Questioning Blimix

"What would you do if you had won the ARML competition?"

Mu.

This is a class of question that I call "contradictory subjunctive". It takes a general form of assuming that this reality holds, with an explicit exception, and asks you to derive the consequences of the exceptional fact, in your actions or in the world. But it does not, as it appears to, probe for a necessary set of consequences. Instead, it subtly tests how much of one's reality one keeps intact in the face of a contradicting fact, and how much of it one bends to conform to the new fact, as well as which parts of reality one is willing to bend.

For example, one person might say, "If I had won, that would imply that I am, hypothetically, much better at math than I truly am.
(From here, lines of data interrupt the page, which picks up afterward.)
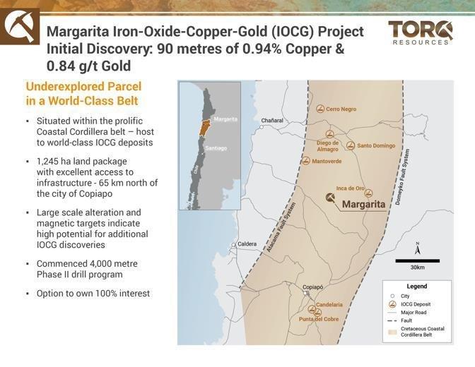 Torq Resources Inc. (TSX-V: TORQ, OTCQX: TRBMF) ("Torq" oder das "Unternehmen" – https://www.commodity-tv.com/ondemand/companies/profil/torq-resources-inc/) freut sich, die Identifizierung neuer hochrangiger Ziele auf dem Eisenoxid-Kupfer-Gold-Projekt Margarita im Norden Chiles, 65 Kilometer (km) nördlich der Stadt Copiapo, bekannt zu geben (Abbildung 1). Die östlichen Ziele Remolino und Cototuda wurden auf der Grundlage ähnlicher geologischer, geochemischer und geophysikalischer Merkmale definiert, wie sie im Entdeckungsbohrloch 22MAR-013R von Falla 13 beobachtet wurden, das 90 Meter mit 0,94 % Kupfer und 0,84 g/t Gold durchteufte (Abbildung 2). Insgesamt haben diese Ziele das Potenzial, neue Mineralisierungsbereiche jenseits des Strukturkorridors Falla 13 zu definieren, der zurzeit bebohrt wird, um die in Bohrloch 22MAR-013R entdeckte Mineralisierung zu erweitern.
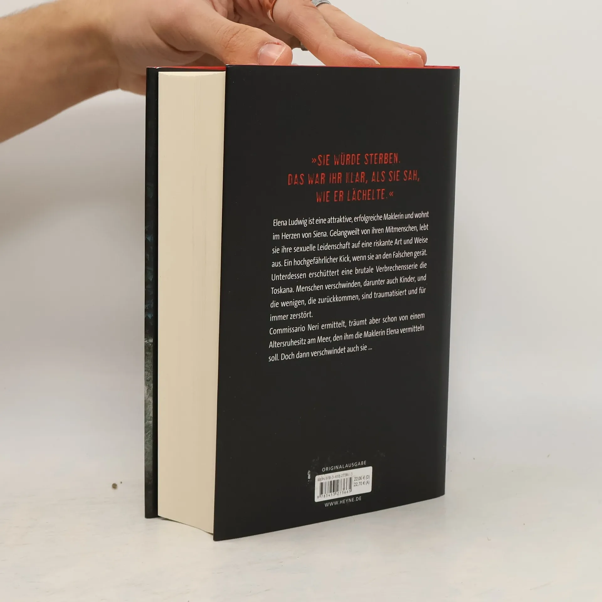Elena Ludwig ist eine attraktive, gut situierte Maklerin und wohnt im Herzen von Siena. Gelangweilt von ihren Mitmenschen, lebt sie ihre sexuelle Leidenschaft auf eine riskante Art und Weise aus. Ein hochgefährlicher Kick, wenn sie an den Falschen gerät. Unterdessen erschüttert eine brutale Verbrechensserie die Toskana. Menschen verschwinden, und die wenigen, die zurückkommen, sind traumatisiert und für immer zerstört. Commissario Neri ermittelt, träumt aber schon von einem Altersruhesitz am Meer, den ihm die Maklerin Elena vermitteln soll. Doch dann verschwindet auch sie...
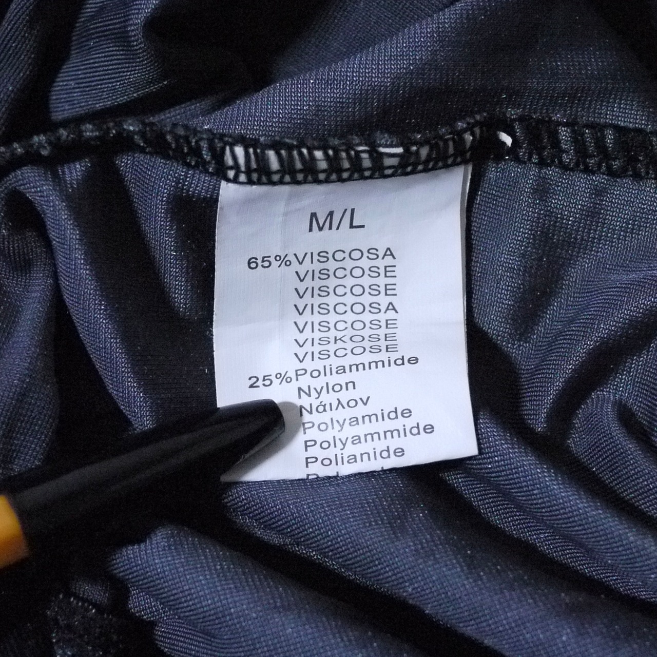 レーヨン65%、ナイロン25%、エラスタン10%。
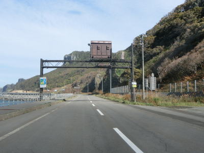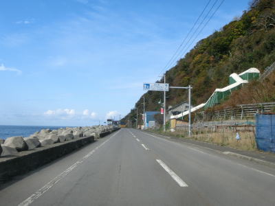 | 日本海に沿った2車線道路を淡々と走っていると5%とやや急な勾配を上った後に道の駅「オスコイ!かもえない」を通過する。この道の駅は2004年の台風18号の高波によって被災して長らく休止状態であったが、場所を移転したうえで2010年に再開されている。 | ||
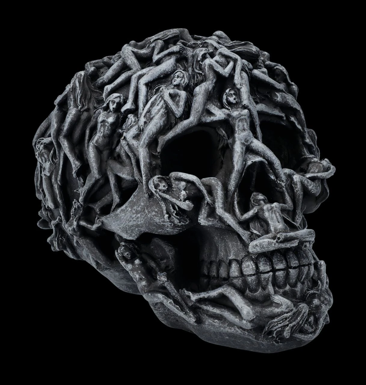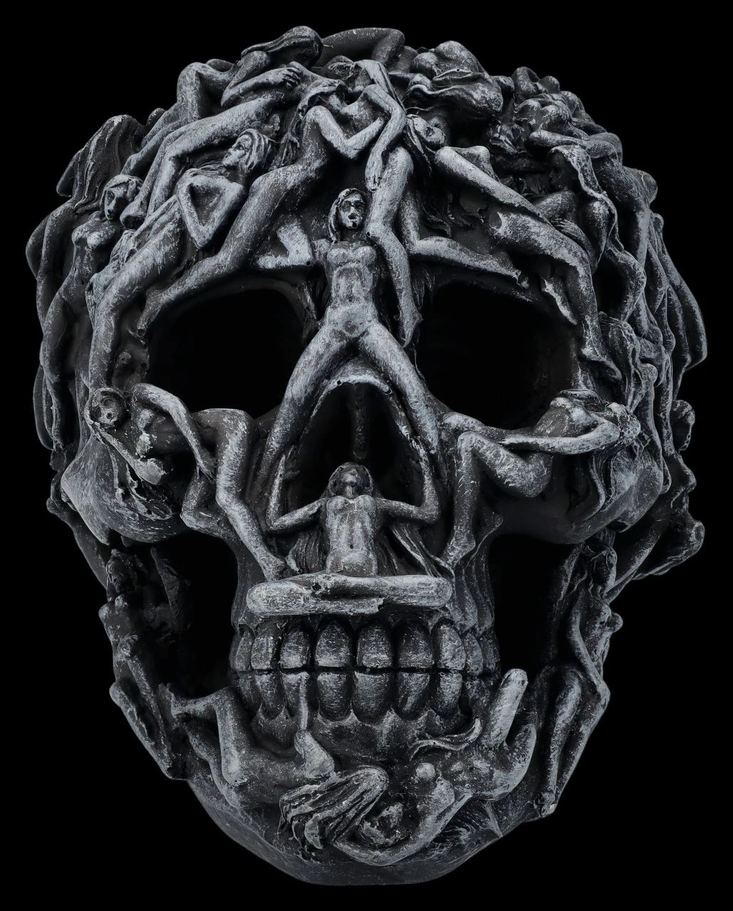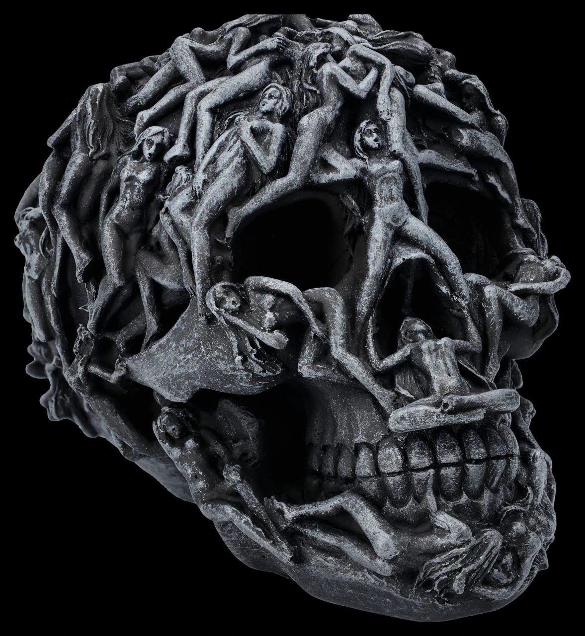Gefangene Seelen winden sich auf diesem schwarzen Totenkopf. Sie sind gefangene ihrer Lust – es gibt kein Entkommen aus der Hölle. Jedes Detail dieses Schädels ist perfekt herausgearbeitet und für Liebhaber des Morbiden ein Muss.
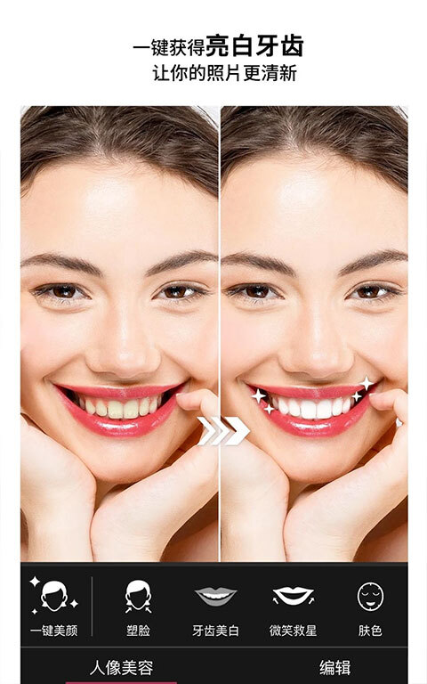 1、强大的美颜功能:具备瘦脸、大眼、美白、磨皮等丰富的美颜效果,助你瞬间提升颜值,轻松拍出肌肤无瑕的美照。
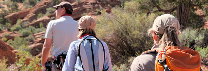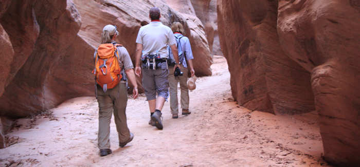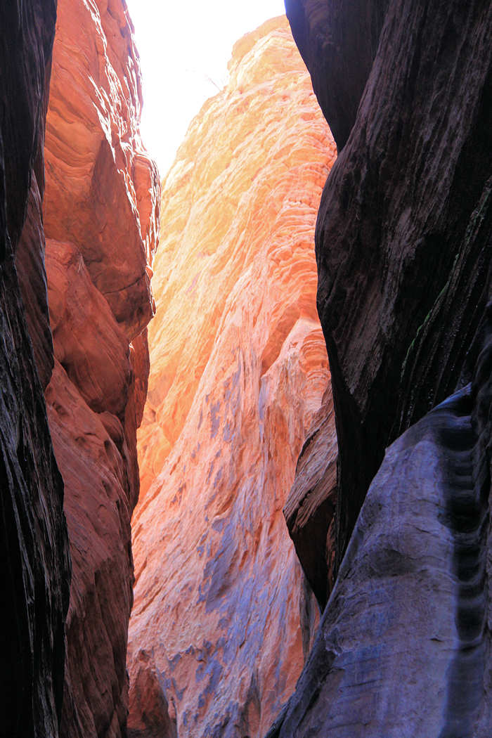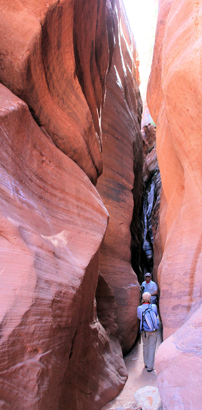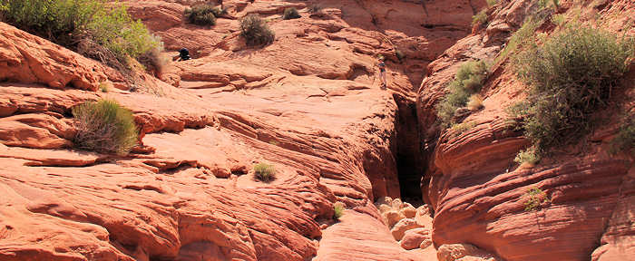 Es geht weiter die Wash entlang bis sich die Felsen vor uns so verengen, dass sie einen länglicher Schlitz bilden, der einem Höhleneingang gleicht. Hier startet der schönste und aufregendste Teil unserer heutigen Wanderung. Die Felsen sind an einigen Stellen so eng, dass wir zu breit sind um durchzukommen und so müssen wir uns quer durchschlängeln. | |
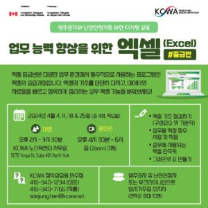KCWA에서는 '업무 능력 향상을 위한 엑셀 (Excel) - 중급반' 강좌를 4월 4일 (목) 오후 2시부터 총 4회에 걸쳐 KCWA 노스욕센터
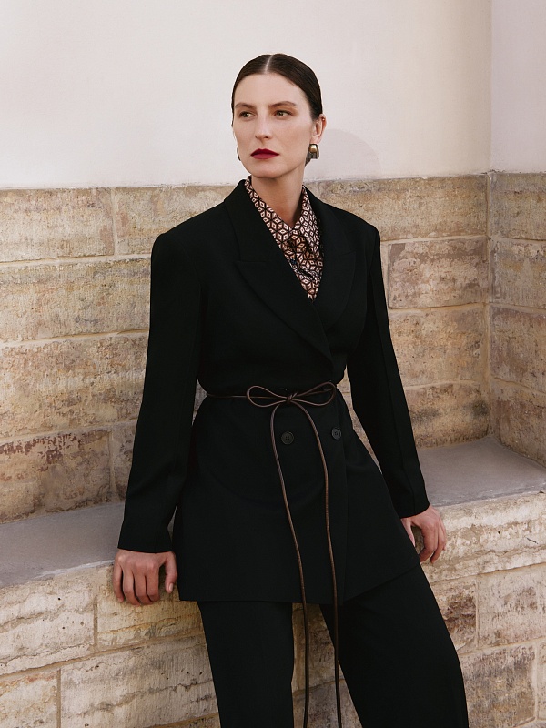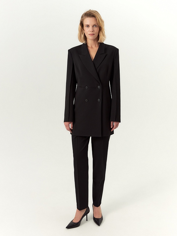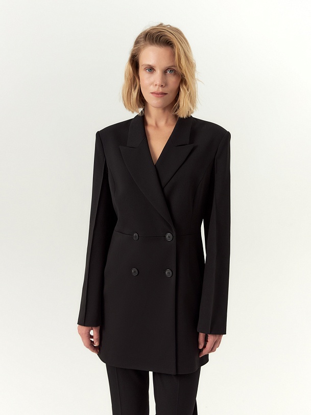 Приталенный двубортный удлиненный жакет с острым английским воротником и V-образным вырезом, из костюмной ткани черного цвета. Рукава широкие с заутюженной стрелкой. Жакет на подкладке.
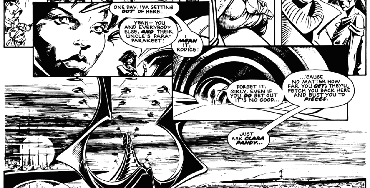 La Balada de Halo Jones es un famoso cómic que introdujo la primera protagonista femenina de la historia de la compañía de revistas de cómics, 2000 D.C. Halo Jones es un humano promedio con una vida promedio que cambia su destino a través de sus aventuras por toda la galaxia.

In that case, I surely would have won a scholarship from a tech school, and received a much better education than I have."

Another might say, "I know that I got questions six through eight wrong, so if I had won, that means that Jeremy Bem and the other forty people who did better than I did all died on the way to the competition. I would grieve for them, if I knew."

And another: "I lost because, like everyone on my team, I stayed up partying the night before and got three hours of sleep. If I had won, I must have slept instead, which would have resulted from my being a social outcast among math geeks. This implies that I would have been a rude and boorish person, and upon winning I would probably make some crass, deprecating remark."

What do you change, and what do you preserve? That is the underlying query in such ostensibly unrelated questions as "How would the world be different if the ocean were pink?" and "How would you react if I started levitating?"